There are faces that stop you mid-scroll. Faces that make you ask, without knowing exactly why, who is that? Aslay Baugh is one of those faces. But her story is bigger than a striking set of features or a number on a follower count. She is a Jamaican-born model, actress, and creative force navigating New York, Los Angeles, and Paris on her own terms — and the industry is paying attention.
Born in Jamaica with Indigenous Arawak heritage, Aslay Baugh is what happens when cultural depth meets physical magnetism. She moved to the United States as an immigrant and launched her modeling career at just 17 years old. Within a few years, she had signed with some of the most respected agencies in the business — Next Management Los Angeles, State Management New York, and Dollhouse Miami among them. Today she is represented by Women 360 Management New York, part of the Elite World Group network, alongside a roster that spans Paris and Milan. She also works with That Agency. At 5’9″ with hazel eyes, black hair, and a presence that reads equally powerful in editorial and campaign work, she carries the kind of physicality that photographers build entire shoots around.
Her résumé reads like a highlight reel of cultural taste. She has appeared in global campaigns for Agent Provocateur and 7 For All Mankind. She has been featured in a PAPER magazine editorial — a placement she calls one of her proudest accomplishments, describing it as one of her first major editorial moments. She landed the cover of Playboy. She walked for Pyer Moss at the brand’s landmark Fall 2021 Couture Show, the historic presentation held at Madam C.J. Walker’s Villa Lewaro estate in New York. She attended the Adanola NYFW Pop-Up Showroom in Soho in September 2023. She has partnered with Gisou, the viral honey-infused hair and beauty brand. She is also listed with Mademoiselle Agency in Paris, extending her reach across the Atlantic. Her acting credits include the film Guns and Gold at High Noon, where she appears as Ellie Carver, signaling a creative pivot that is still in its early chapters but already on the radar.

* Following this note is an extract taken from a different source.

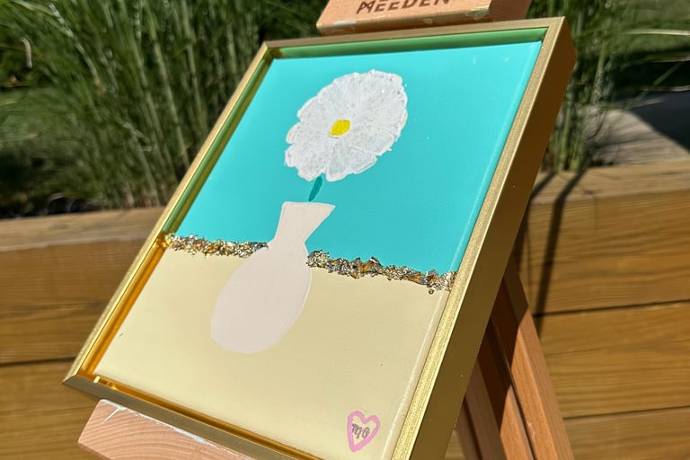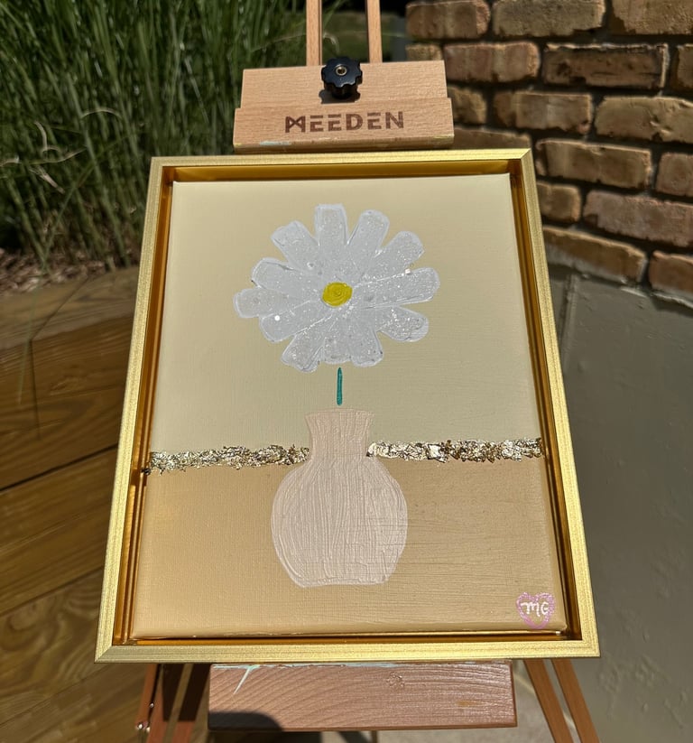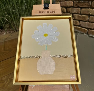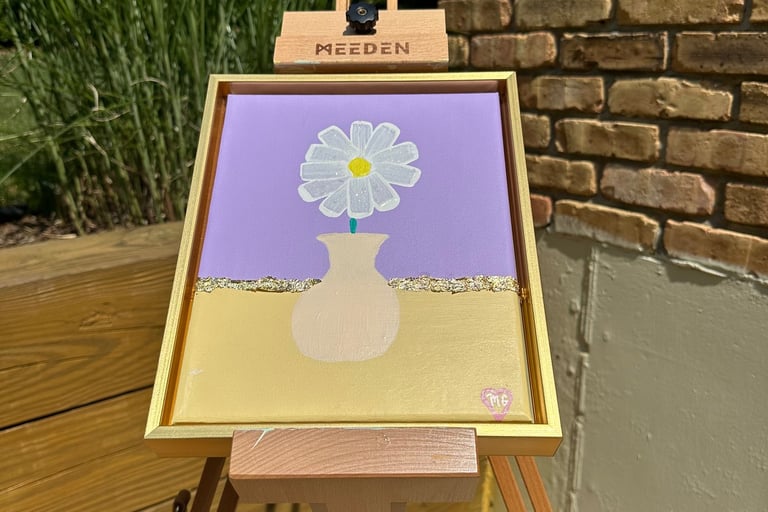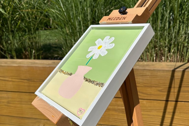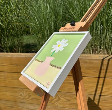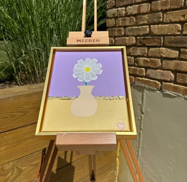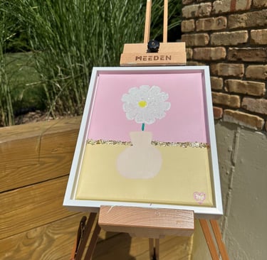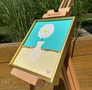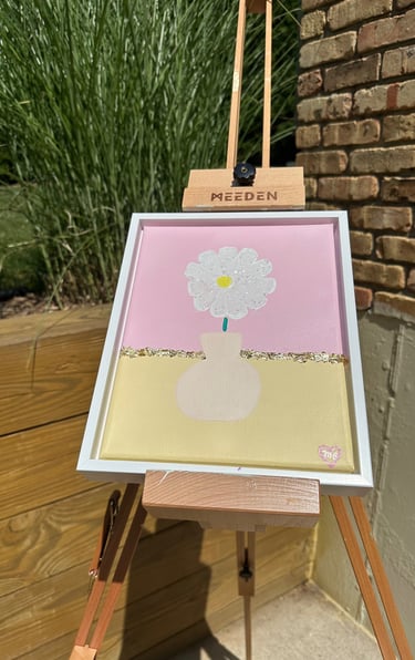 Discover 'Day Dream Daisy', a gentle artwork blending light pink, yellow, and lavender hues with a heartfelt story behind every piece.
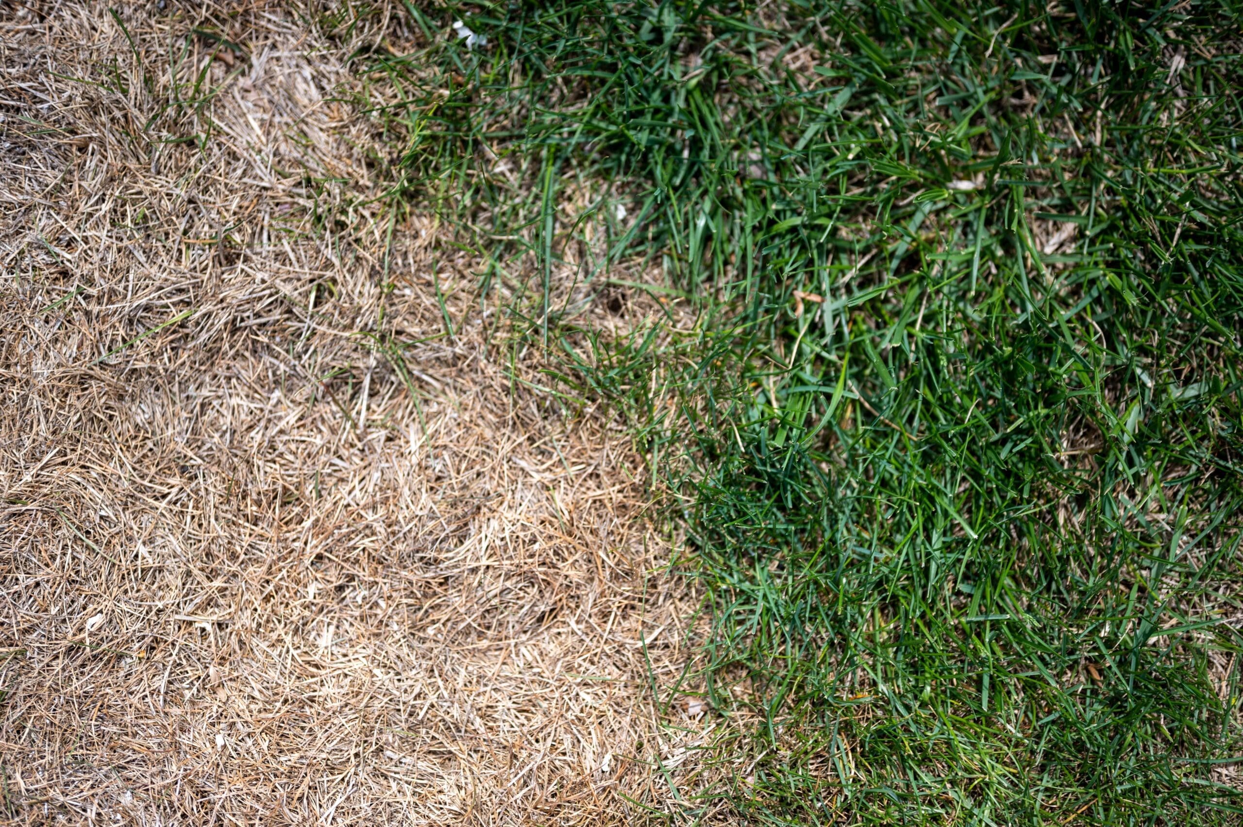 A lawn with green grass patches and large brown, dry areas, indicating heat stress from summer temperatures.

What separates Aslay from the pack is not just what she looks like — it is who she actually is. In an interview with Modeliste Magazine, she revealed that she studied aerospace and technology at Maxwell High School and was working toward her private pilot’s license before modeling took over her life. She practices archery. She is a Muay Thai practitioner who hits the gym to decompress. When asked what she would change about the world, she did not reach for a pageant answer — she said the economic state of the world. Her style icon is Erykah Badu. Her all-time favorite film is Jeanne du Barry. She quotes Titus 2:11-12 in her Instagram bio. She wants to learn Aramaic. The most courageous thing she has ever done, she says, was getting knee surgery without pain medication.
These are not the facts of a woman who stumbled into a career. They are the facts of someone building a body of work with intention. Her Threads following sits at over 71,000. Her Instagram at nearly 490,000. She operates across three cities — New York, Los Angeles, and Paris — with a fluency that most people take years to develop. Her motto says it plainly: keep your friends close and your food closer. Light, funny, grounded. That balance is exactly why she keeps winning.
Aslay Baugh is a model in the traditional sense only if you stop looking after the first frame. Look a little longer and what you find is a woman with range — in her career, her intellect, and her identity. Jamaica to New York. Indigenous Arawak roots to the pages of PAPER. A pilot’s license deferred in favor of a runway. In a business that too often flattens the people it features, she refuses to be flat. That, more than any campaign or cover, is the real story.